Amir, thanks for writing this article. Very informative! Just a few weeks ago I tried out ZigFu and really liked it. I'm sorry to hear the team has left. But I hope, ZigFu keeps being successful, even if not in the VC sense.
In my humble opinion, one, if not the biggest problems is, that the Kinect is just not good enough, yet. My experience is, that the Kinect works well for the T-pose and anything that resembles it, but not well or at all once your arm is pointing towards the Kinect.
Here [1] is a recent paper, with the most detailed validation of the MS Kinect I have seen so far. They report a maximum error for reaching movements with OpenNI of 46.9 deg in the elbow angle estimation.
Another problem is lag. From what I hear, the main problem here is the USB 2.0 bandwidth. Hopefully the next generation, Kinect 2 and co., will improve a lot.

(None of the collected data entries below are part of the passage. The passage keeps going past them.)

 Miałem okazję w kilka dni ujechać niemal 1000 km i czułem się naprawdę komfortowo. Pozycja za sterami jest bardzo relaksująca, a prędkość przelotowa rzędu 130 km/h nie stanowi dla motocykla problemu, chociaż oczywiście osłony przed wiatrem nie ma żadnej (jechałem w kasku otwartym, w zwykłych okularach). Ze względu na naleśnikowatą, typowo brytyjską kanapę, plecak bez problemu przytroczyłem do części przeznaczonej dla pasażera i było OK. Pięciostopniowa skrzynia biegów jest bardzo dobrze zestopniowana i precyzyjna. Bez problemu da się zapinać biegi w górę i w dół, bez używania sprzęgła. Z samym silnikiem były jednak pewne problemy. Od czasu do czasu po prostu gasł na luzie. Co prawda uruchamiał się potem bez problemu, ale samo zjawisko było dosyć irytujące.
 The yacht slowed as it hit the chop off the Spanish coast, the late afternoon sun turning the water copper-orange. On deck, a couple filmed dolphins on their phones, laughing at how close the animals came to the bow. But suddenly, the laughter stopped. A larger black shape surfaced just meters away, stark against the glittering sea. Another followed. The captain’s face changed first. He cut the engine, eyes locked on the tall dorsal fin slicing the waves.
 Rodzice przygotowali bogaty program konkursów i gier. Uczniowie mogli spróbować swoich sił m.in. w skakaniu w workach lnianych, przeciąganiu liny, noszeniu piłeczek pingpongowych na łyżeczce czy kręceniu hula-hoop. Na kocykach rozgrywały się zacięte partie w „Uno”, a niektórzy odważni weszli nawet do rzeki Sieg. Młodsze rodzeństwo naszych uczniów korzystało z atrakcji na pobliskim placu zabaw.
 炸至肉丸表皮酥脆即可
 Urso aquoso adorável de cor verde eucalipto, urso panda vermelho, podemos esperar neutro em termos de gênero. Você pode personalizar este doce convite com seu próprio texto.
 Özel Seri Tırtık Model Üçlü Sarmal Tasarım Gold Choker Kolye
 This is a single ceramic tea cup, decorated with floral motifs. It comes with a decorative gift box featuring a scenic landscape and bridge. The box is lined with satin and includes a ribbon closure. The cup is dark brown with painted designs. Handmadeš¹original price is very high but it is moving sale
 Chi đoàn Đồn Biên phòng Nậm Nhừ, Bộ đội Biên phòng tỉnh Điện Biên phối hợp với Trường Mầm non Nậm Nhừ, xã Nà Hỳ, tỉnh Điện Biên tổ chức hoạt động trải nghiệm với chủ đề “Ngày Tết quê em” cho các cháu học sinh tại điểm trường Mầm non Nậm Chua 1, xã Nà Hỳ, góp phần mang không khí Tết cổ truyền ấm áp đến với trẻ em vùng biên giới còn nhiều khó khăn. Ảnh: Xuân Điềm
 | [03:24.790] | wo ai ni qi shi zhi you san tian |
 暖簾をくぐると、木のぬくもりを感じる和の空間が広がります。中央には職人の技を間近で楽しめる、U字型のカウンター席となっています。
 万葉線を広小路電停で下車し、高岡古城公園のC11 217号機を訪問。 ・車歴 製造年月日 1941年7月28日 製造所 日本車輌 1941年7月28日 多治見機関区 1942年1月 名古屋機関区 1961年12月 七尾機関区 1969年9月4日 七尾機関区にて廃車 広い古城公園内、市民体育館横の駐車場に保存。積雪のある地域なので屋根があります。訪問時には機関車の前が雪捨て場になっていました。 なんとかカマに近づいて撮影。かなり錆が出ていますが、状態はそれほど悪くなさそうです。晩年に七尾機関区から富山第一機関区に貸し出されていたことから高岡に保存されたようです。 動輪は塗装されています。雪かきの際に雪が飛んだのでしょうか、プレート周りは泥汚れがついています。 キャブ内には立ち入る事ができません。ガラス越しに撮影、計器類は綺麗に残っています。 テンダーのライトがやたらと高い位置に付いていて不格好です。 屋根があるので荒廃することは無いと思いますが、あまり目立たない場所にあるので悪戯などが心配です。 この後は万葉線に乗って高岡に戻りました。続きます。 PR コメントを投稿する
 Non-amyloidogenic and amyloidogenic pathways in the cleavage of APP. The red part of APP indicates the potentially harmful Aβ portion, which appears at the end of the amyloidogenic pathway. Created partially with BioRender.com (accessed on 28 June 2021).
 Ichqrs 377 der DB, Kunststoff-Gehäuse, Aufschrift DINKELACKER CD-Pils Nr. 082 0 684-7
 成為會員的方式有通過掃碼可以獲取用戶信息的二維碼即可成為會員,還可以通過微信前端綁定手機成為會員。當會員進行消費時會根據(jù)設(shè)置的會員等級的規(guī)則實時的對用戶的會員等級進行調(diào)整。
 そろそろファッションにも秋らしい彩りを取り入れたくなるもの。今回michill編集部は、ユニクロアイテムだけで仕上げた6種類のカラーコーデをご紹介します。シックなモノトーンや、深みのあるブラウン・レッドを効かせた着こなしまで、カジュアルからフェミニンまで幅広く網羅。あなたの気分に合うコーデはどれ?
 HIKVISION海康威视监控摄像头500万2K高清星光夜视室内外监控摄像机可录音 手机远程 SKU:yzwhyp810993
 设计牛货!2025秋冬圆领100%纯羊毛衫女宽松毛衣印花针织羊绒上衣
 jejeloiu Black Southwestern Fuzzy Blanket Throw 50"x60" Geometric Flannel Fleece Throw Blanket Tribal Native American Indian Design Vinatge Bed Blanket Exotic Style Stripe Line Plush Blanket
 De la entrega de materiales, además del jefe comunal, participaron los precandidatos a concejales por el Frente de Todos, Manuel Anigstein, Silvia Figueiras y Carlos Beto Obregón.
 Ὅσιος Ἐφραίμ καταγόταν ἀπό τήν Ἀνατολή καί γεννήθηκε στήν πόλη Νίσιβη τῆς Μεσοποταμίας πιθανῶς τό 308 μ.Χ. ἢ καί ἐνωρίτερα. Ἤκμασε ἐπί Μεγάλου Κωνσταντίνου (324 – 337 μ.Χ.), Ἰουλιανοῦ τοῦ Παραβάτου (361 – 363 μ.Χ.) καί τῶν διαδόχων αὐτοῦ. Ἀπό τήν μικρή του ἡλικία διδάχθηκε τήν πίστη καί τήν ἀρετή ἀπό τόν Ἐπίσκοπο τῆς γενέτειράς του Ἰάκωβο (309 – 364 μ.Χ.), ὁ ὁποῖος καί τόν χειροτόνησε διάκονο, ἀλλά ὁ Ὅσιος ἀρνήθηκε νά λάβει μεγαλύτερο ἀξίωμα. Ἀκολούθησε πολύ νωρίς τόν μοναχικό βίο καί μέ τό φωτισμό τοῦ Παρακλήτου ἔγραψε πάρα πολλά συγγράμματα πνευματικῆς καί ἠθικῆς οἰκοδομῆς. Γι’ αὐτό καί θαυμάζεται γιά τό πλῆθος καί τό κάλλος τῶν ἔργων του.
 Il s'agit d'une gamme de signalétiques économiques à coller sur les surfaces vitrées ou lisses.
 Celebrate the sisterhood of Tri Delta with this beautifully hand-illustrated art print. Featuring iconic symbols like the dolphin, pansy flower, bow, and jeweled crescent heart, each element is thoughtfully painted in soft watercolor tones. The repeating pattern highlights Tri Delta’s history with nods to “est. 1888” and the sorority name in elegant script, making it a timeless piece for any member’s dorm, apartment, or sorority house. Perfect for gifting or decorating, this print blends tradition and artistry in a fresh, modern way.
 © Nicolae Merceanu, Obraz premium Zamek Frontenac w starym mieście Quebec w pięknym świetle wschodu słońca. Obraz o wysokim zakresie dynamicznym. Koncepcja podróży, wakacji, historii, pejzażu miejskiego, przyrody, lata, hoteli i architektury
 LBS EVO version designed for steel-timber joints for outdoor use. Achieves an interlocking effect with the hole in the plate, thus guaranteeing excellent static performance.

I agree that the sensors are a limiting factor for the current applications and of course Kinect is just the beginning of this technology in consumer markets. The description I provide of a 3-D integrated computer vision processor attached to a high-pixel-count CMOS array will address the latency, power and frame-rate issues. The algorithms and automation of computer vision to hardware still needs to be solved.
Personally, I have mixed feelings about integrating the skeleton trackers into the hardware. While this might drive down cost for specific use cases, it limits the capabilities of these natural interface devices. The skeleton trackers are based on many assumptions, like approximate camera angle and position, proper clothing etc.
Once, any of these assumptions don't hold true any more, for instance a camera from the top, side or back, a object held by the user, uncommon clothing like baggy pants or skirts, you have to write your own skeleton tracker in software.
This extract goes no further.